- [Data provided]
==============================

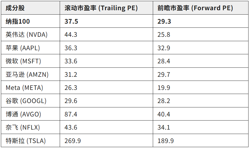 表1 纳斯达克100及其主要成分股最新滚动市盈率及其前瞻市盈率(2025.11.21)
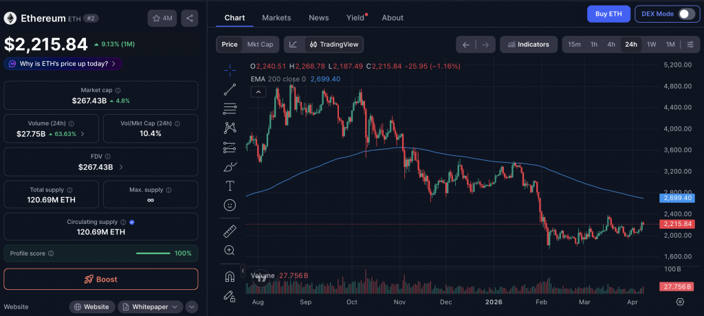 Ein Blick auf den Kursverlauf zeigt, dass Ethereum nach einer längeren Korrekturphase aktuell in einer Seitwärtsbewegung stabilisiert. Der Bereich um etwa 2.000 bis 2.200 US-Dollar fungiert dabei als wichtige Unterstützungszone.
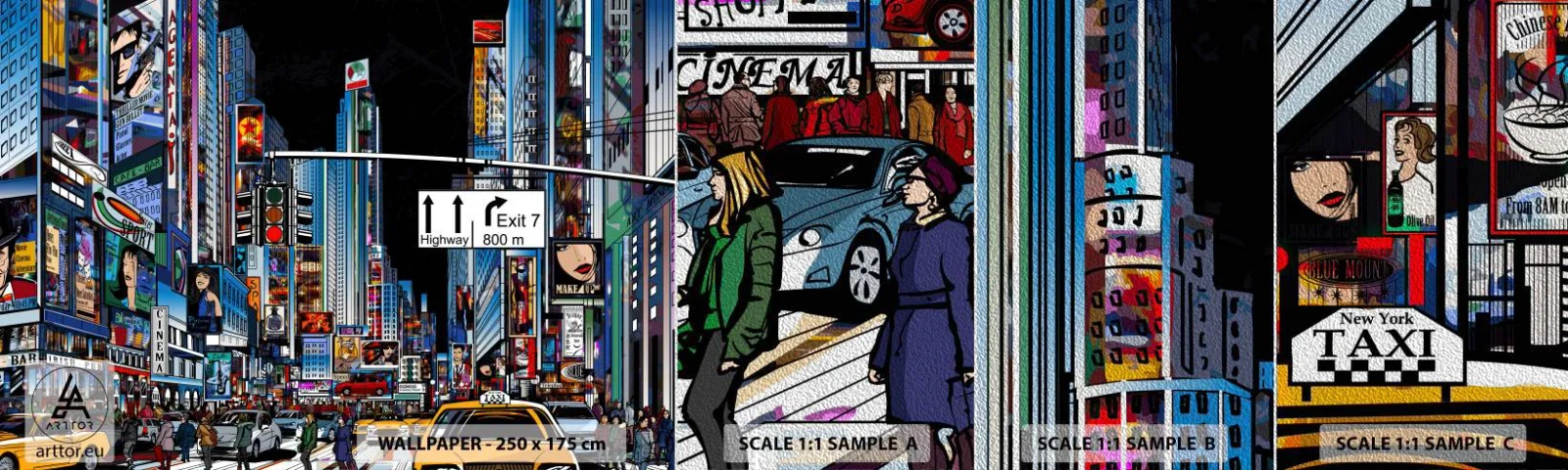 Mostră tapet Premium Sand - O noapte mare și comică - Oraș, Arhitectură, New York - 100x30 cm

==============================

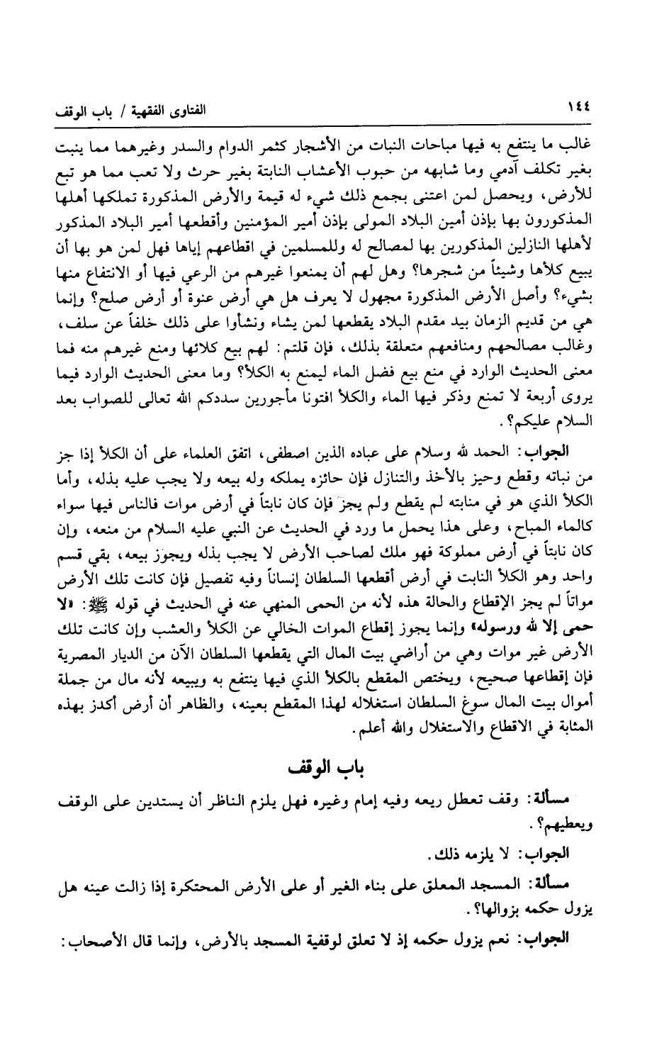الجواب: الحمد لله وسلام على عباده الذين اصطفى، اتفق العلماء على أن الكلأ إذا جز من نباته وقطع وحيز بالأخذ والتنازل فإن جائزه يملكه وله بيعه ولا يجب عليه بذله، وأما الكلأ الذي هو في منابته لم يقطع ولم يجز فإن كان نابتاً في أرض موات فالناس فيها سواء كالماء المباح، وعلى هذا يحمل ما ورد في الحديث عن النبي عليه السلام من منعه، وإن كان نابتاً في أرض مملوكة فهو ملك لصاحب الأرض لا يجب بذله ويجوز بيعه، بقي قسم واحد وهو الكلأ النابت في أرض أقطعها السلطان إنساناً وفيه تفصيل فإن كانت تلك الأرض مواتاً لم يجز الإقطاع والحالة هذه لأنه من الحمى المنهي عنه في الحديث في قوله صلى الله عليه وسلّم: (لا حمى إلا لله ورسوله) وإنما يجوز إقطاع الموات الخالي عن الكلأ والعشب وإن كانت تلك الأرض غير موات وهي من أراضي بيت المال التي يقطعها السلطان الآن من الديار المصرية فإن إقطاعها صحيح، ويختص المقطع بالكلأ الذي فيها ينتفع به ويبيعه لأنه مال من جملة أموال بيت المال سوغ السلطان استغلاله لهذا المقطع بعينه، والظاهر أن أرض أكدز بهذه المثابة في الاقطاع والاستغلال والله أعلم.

==============================

In the listing above, the required lines run from the line with "Ein Blick auf" through the line with "Mostră tapet Premium". Output exactly those lines, omitting pictures.

 Ein Blick auf den Kursverlauf zeigt, dass Ethereum nach einer längeren Korrekturphase aktuell in einer Seitwärtsbewegung stabilisiert. Der Bereich um etwa 2.000 bis 2.200 US-Dollar fungiert dabei als wichtige Unterstützungszone.
 Mostră tapet Premium Sand - O noapte mare și comică - Oraș, Arhitectură, New York - 100x30 cm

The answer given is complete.